Input records ->
○ ○ ○ ○ ○

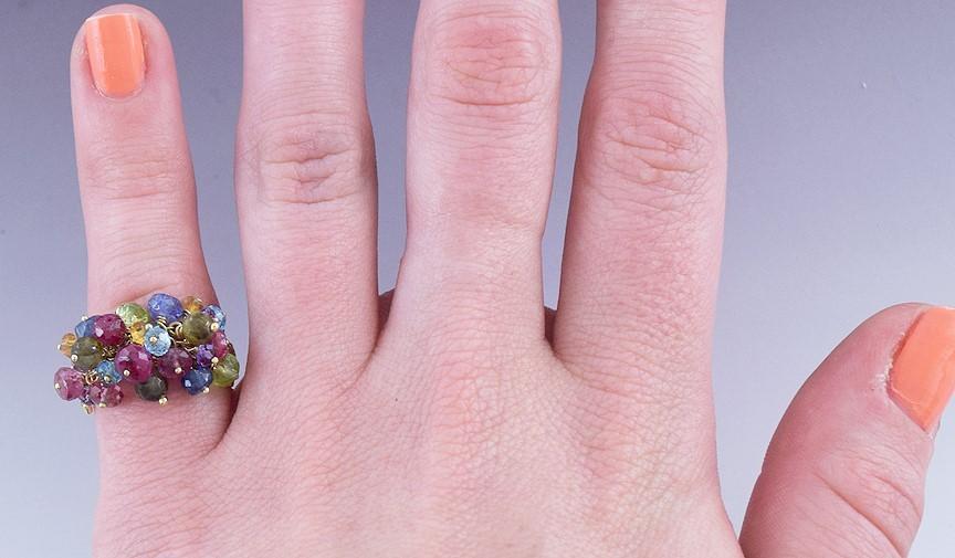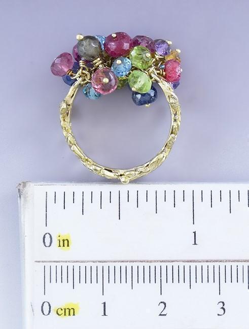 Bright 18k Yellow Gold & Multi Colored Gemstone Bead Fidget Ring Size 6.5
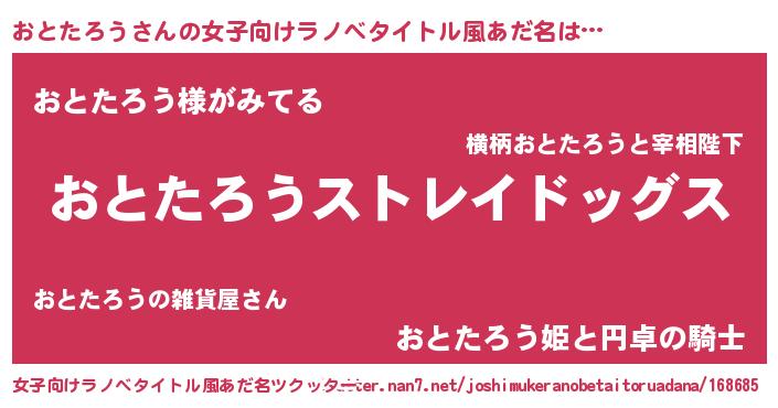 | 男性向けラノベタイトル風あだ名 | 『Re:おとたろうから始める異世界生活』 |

○ ○ ○ ○ ○

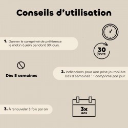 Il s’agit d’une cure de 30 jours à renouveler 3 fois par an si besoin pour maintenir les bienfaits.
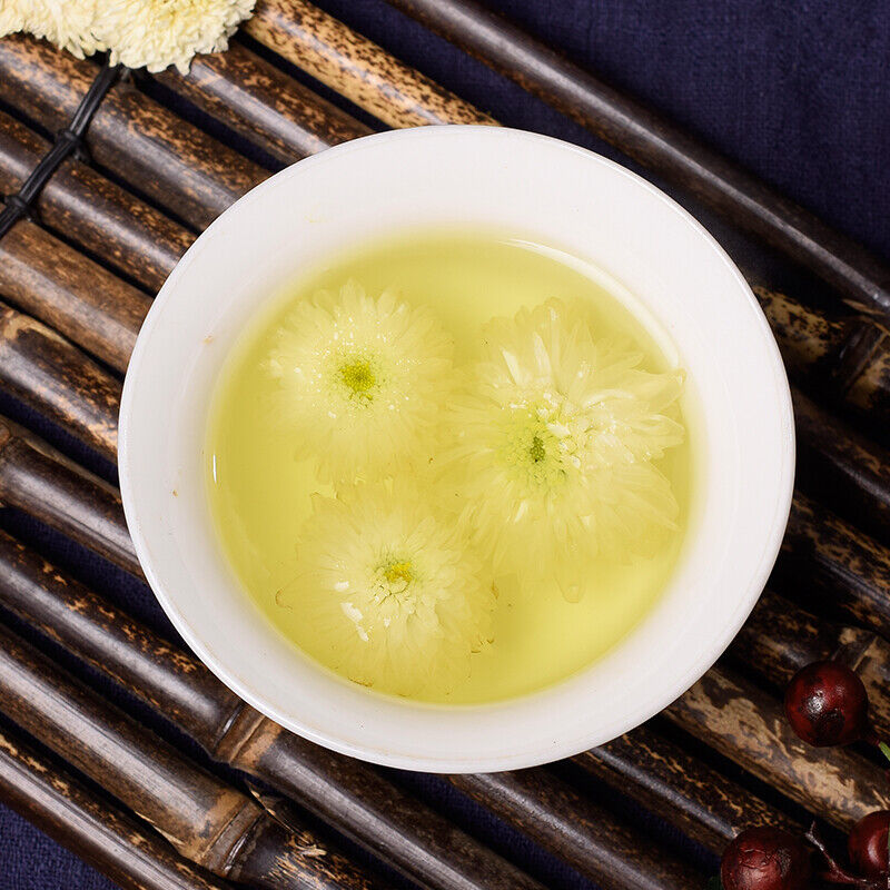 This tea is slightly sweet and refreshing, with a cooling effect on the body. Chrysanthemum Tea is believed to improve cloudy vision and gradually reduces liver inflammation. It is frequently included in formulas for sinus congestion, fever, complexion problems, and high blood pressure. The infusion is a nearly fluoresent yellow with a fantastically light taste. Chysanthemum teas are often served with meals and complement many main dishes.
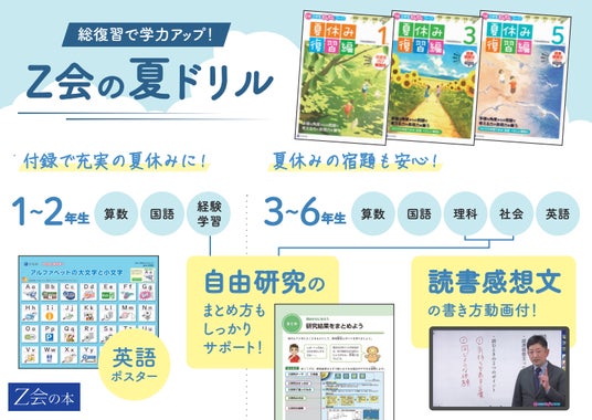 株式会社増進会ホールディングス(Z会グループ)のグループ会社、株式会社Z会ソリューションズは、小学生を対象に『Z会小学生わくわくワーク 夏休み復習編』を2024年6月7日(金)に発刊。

○ ○ ○ ○ ○

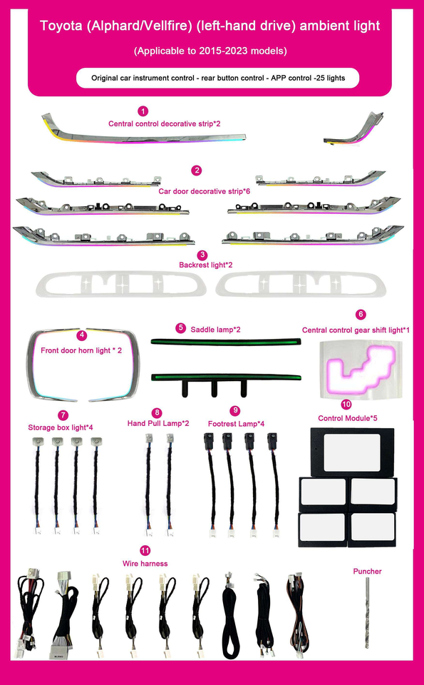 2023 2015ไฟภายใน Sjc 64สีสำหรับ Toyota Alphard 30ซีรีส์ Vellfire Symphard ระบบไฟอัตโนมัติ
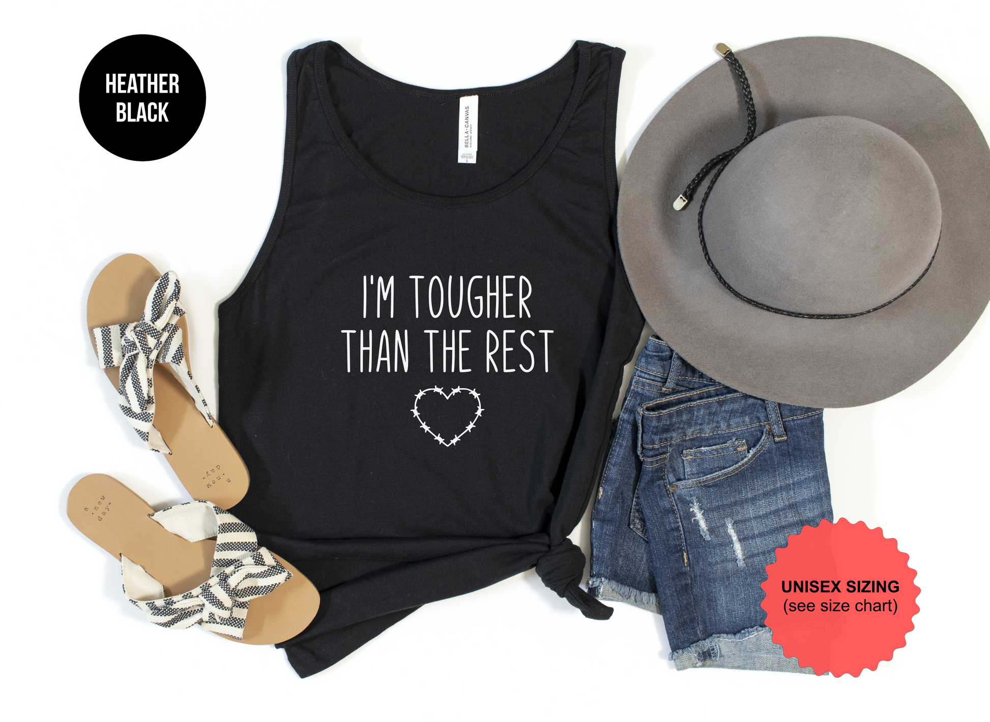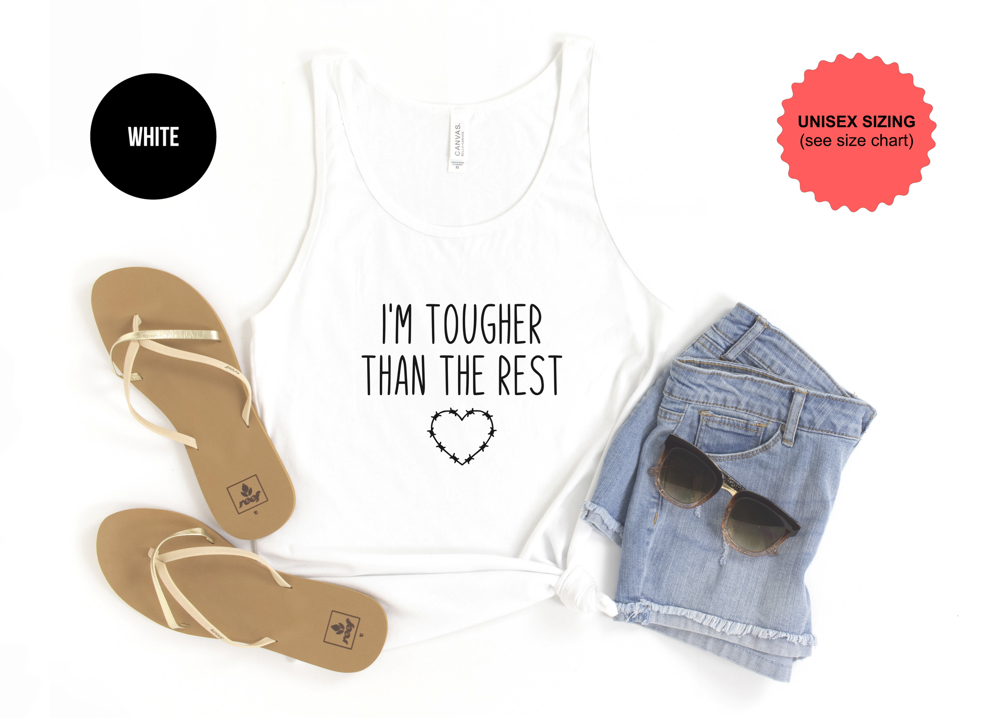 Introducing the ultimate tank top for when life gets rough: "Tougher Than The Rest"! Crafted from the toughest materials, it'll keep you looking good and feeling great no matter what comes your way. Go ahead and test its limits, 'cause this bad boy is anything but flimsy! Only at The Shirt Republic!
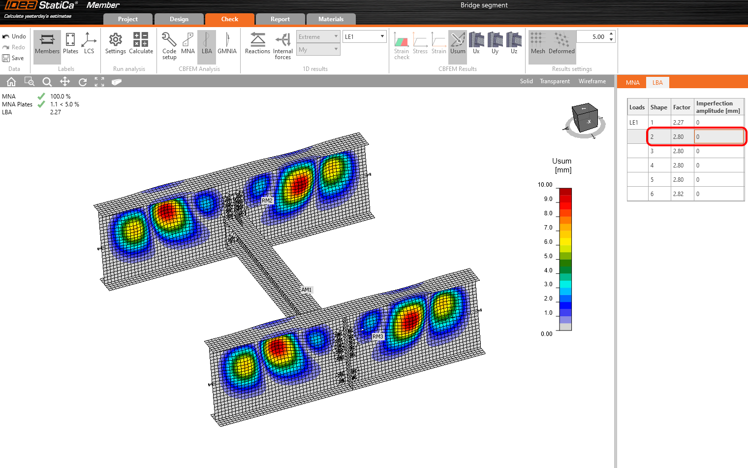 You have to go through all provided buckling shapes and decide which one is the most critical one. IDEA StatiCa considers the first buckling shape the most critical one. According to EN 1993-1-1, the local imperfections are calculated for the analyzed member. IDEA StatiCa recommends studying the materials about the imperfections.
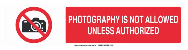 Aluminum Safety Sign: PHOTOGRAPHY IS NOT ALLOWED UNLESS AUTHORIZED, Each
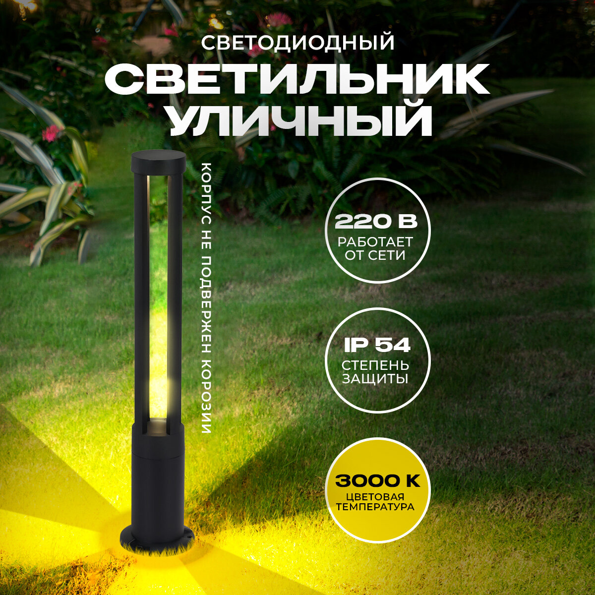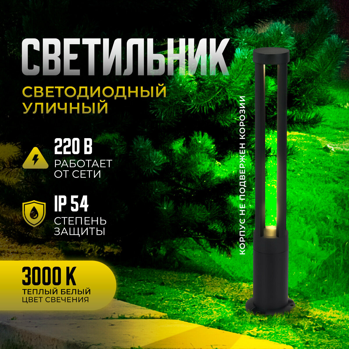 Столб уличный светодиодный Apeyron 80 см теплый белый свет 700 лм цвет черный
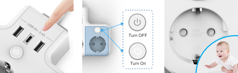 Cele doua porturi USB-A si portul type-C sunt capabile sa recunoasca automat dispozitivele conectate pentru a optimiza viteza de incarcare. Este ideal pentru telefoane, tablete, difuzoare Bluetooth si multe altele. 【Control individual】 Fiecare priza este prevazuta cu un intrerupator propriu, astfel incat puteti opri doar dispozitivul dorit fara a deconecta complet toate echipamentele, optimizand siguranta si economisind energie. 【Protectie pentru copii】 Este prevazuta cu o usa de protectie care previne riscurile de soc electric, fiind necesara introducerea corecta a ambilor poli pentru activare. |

○ ○ ○ ○ ○

Task statement ->
Pictures aside, return exactly the lines from the data above, starting at the line that has "Bright 18k Yellow" and ending at the line that has "男性向けラノベタイトル風あだ名 | 『Re:おとたろうから始める異世界生活』 |", both included.

Your response ->
 Bright 18k Yellow Gold & Multi Colored Gemstone Bead Fidget Ring Size 6.5
 | 男性向けラノベタイトル風あだ名 | 『Re:おとたろうから始める異世界生活』 |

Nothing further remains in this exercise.